When events are rehydrated (whether live or during replay), Pillar also initializes the EventContext with the original metadata from storage:

  • EventContext::occurredAt() β€” returns the UTC timestamp of when the event actually happened.
  • EventContext::correlationId() β€” returns the logical operation ID spanning all events in the same flow.
  • EventContext::aggregateRootId() β€” returns the typed AggregateRootId instance (e.g. CustomerId, DocumentId) when the stream can be resolved to a registered aggregate id class, or null otherwise.
  • EventContext::isReconstituting() / EventContext::isReplaying() β€” let you detect replay vs. live handling.

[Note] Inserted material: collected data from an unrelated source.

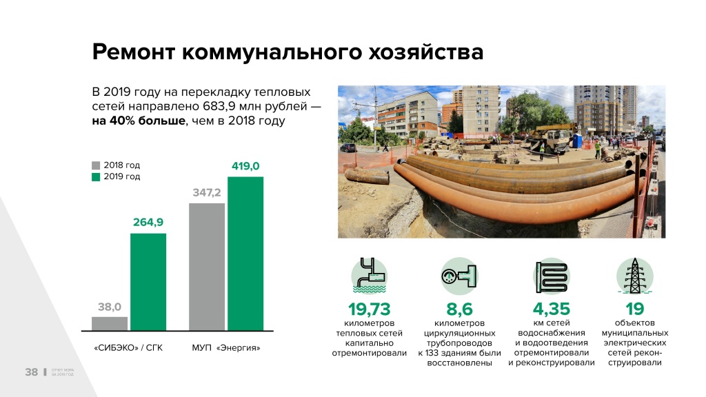 Сумма вложений в эту отрасль в прошлом году выросла на 40% по сравнению с 2018 годом. Но и этого не достаточно, надо делать рывок в решении этой проблемы. Об этом говорят аварии в ноябре, которые произошли в городе, когда мы входили в зимний режим отопления. Поэтому мы должны предпринимать меры для того, чтобы резко увеличить финансирование, объёмы ремонта и подготовки к зиме.
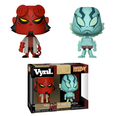 Vynl. take a new approach to collecting by showcasing the intricate relationships between beloved characters through a playful new aesthetic and display-ready collector packaging. Each package will contain 2 stylised vinyl collectible figures. This pack features the Hellboy and Abe Sapien Vnyl. figures.
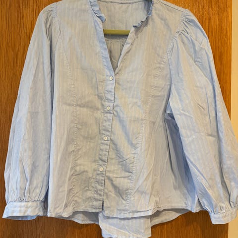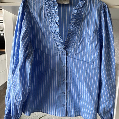 Fin krølfri bluse med grafisk print i blå. Gennemknappet, med v-udskæring og korte ærmer afsluttet med smock.
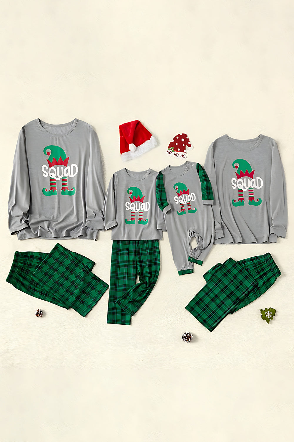 Szaro-Zielony Pled Okrągły Dekolt Druk Rodzinne Ubrania Swiateczne
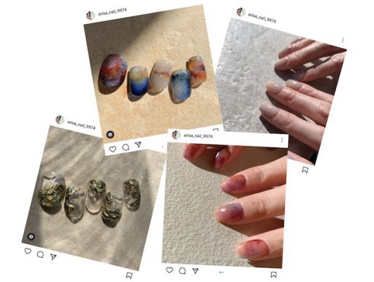 ネイリストARISAさんのInstagramは、色の重ね方、素材ののせ方、質感…といったニュアンスアート独特の技法を動画で見せる「artレシピ」が反響を呼んでいます。また、ネイル作品をドラマチックに見せる撮影テクニックにも注目。ARISAさんのつくるニュアンスアートは、時間帯によって、または屋内と屋外とで表情が変わりますが、一枚の写真にその奥行き感を見事に表現しています。
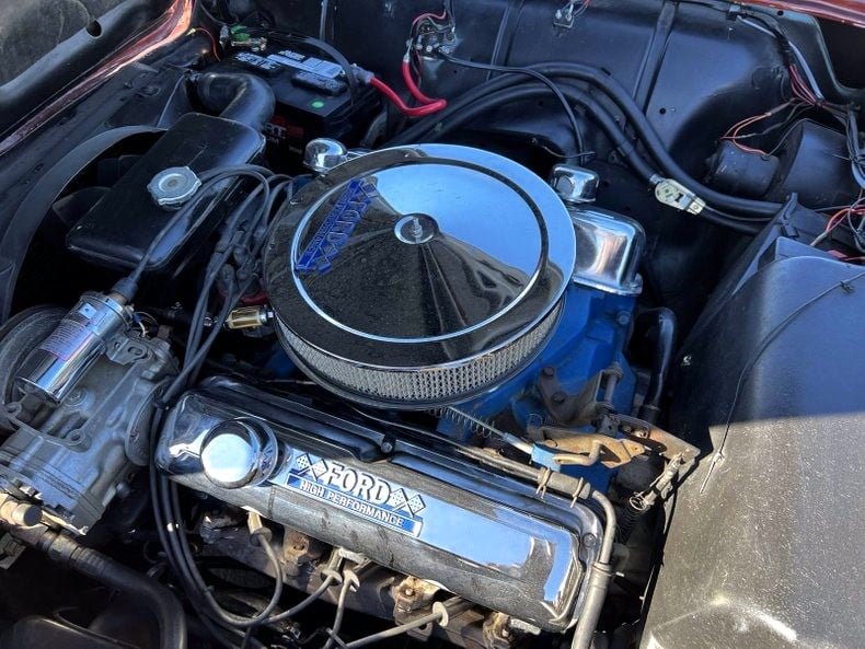 Power is provided by a 300-horsepower Thunderbird 352ci Special V8 backed by a three-speed automatic transmission. Engine bay features include chrome valve covers, air cleaner, and coil cover.
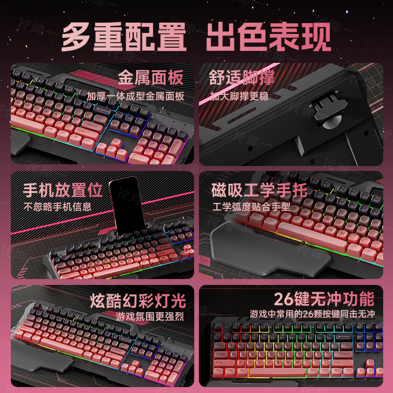 机械手感有线键盘鼠标耳机套装 电脑笔记本通用三件套 电竞游戏台式

For convenience in handlers and projectors, you can use the Pillar\Event\InteractsWithEvents trait, which exposes:

  • aggregateRootId() β€” typed aggregate id from the current EventContext.
  • aggregateRootId() β€” returns the specific AggregateRootId subclass.
  • correlationId() and occurredAt() β€” thin wrappers around the corresponding EventContext accessors.

This means that even for old events that have been upcasted to a newer schema, your aggregates and projectors can still:

  • see the true historical time the event occurred,
  • attach diagnostics or logs to the same correlation ID that was present when the event was first recorded, and
  • easily correlate work to the aggregate instance that produced the event, when that information is available.

Upcasting transforms the shape of the payload; EventContext (and InteractsWithEvents) keep the when, who, and why intact.


🧩 Versioned Events ​

Pillar supports versioned domain events to make schema evolution explicit and safe.

Implement VersionedEvent on your event and declare its current schema version:

php
use Pillar\Event\VersionedEvent;

final class DocumentCreated implements VersionedEvent
{
    public static function version(): int
    {
        return 2;
    }

    public function __construct(
        public string $title,
        public string $created_by
    ) {}
}
  • The event’s version is stored in the event store (event_version column) alongside its payload.
  • On load, if a stored event has an older version, Pillar applies registered upcasters step-by-step until the payload reaches the event’s current version.
  • You can register multiple upcasters for the same event (e.g. v1β†’v2, v2β†’v3). They are applied in ascending order of fromVersion().

Tip: If you refactor an event without changing its shape, you can simply bump the version and register a no-op upcaster for documentation clarity.